The lawsuit, first filed in October 2019, alleges that veteran cryptocurrency exchange Bitfinex and its sister company Tether inflated the supply of Tether’s USDT stablecoin without proper US dollar backing to drive up crypto prices during 2017’s all-time high. The suit is on behalf of investors who purchased crypto assets at what they believe are artificially inflated prices.
The Plaintiffs have requested that the Court award reasonable costs of suit, pre- and post-judgment interest, and reasonable attorneys’ fees.

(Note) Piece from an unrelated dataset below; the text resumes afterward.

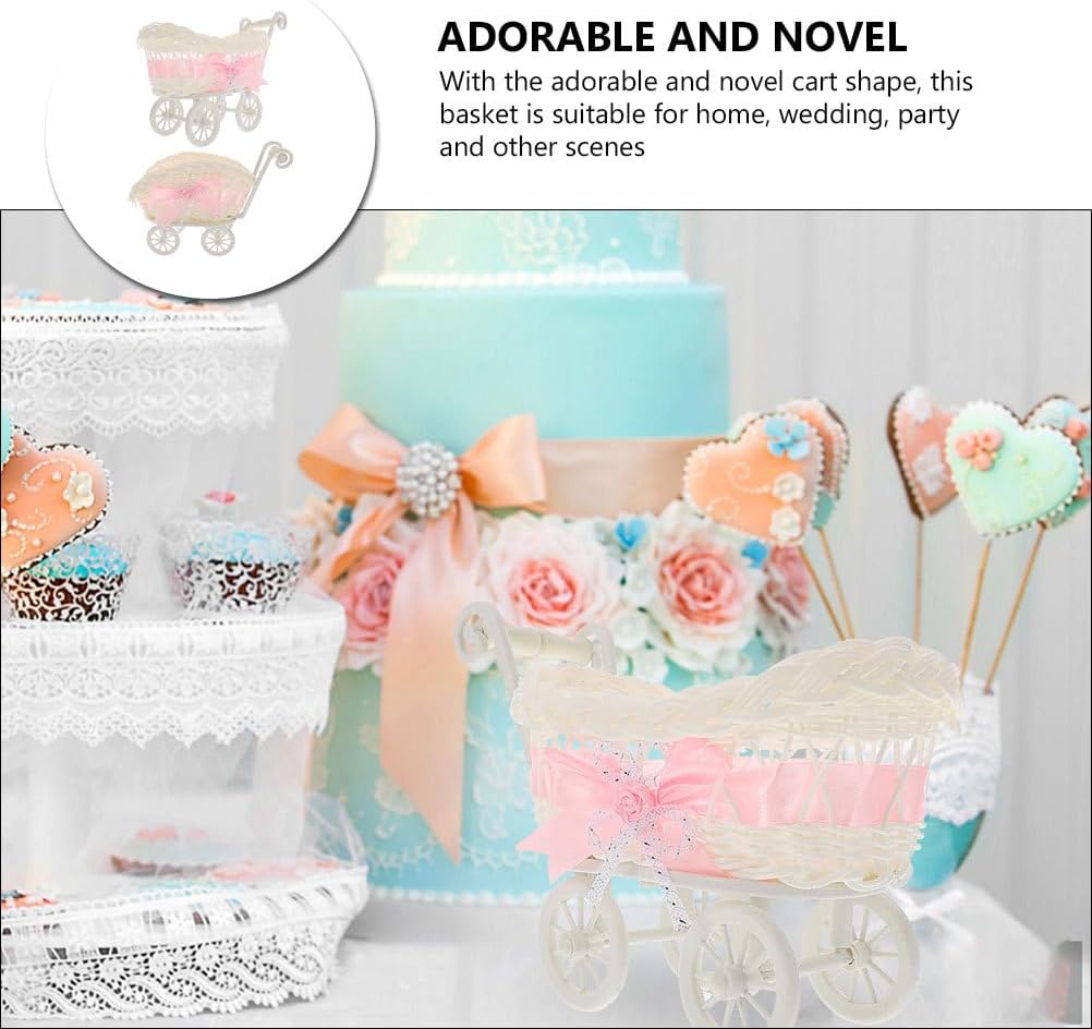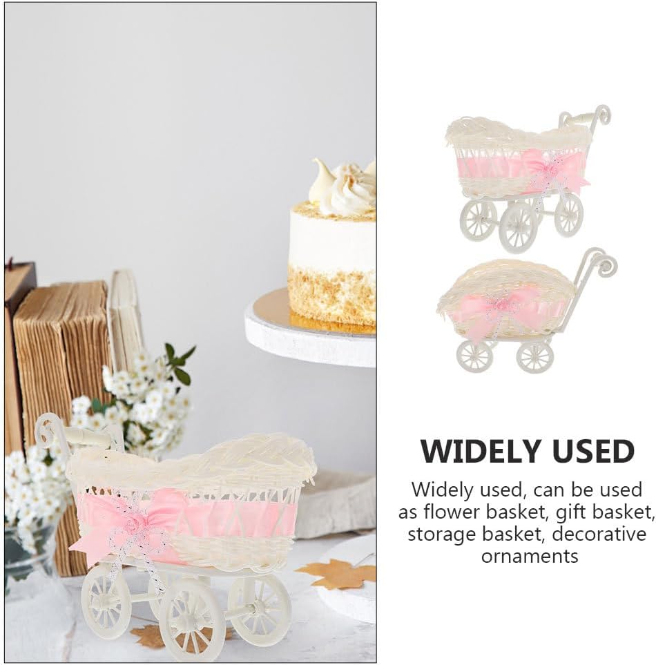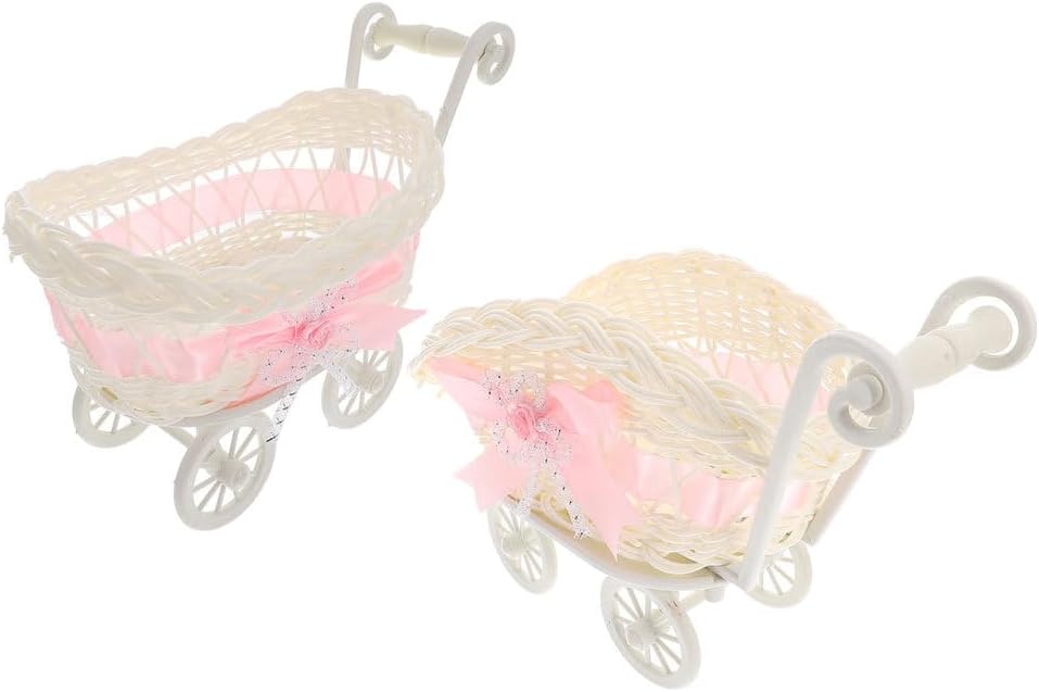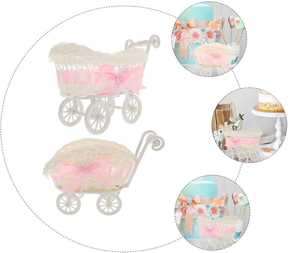 2 Pcs Wicker Stroller Decoration Rattan Carriage Doll Stroller Woven Flower Basket Shower Centerpiece Stroller for Shower Party Favors Pink

Bittrex and Poloniex embroiled
The lawsuit claims that Tether “issued billions of USDT to itself with no U.S. dollar backing— simply creating the USDT out of thin air.” The USDT was used to purchase crypto assets causing prices “to spike far above their legitimate value in the largest bubble in human history, and ultimately resulting in billions of dollars of damage to innocent crypto commodity purchasers”.
The amended filing alleges that the altcoin-focused exchanges Bittrex and Poloniex were also in on the scheme, facilitating the coordination of enormous buy orders across multiple exchanges to create the illusion of fresh liquidity flooding into the markets. The complaint states:
“With the willing assistance of Bittrex, Inc. (“Bittrex”) and Poloniex LLC (“Poloniex”), two other crypto-exchanges, Bitfinex and Tether used fraudulently issued USDT to make strategically timed, massive purchases of cryptocommodities just when the price of those commodities was falling.”
The filing notes the exchanges “worked closely with Tether and adopted its guarantee that each USDT is backed by one U.S. dollar” and said that their USDT listings allowed them to quickly rank among the industry’s largest exchanges.
Plaintiff continues to trade
Despite asserting that Tether-fuelled manipulation is rife across the crypto markets, one of the five plaintiffs, Pinchas Goldshtein of Miami, Florida, appears to still be trading.
The amended suit claims that Goldshtein suffered economic losses as a result of purchasing 629 Bitcoin (BTC) futures contracts between January 16, 2018, and June 3, 2020 — suggesting that Goldshtein was making trades on the same day that the filing was submitted.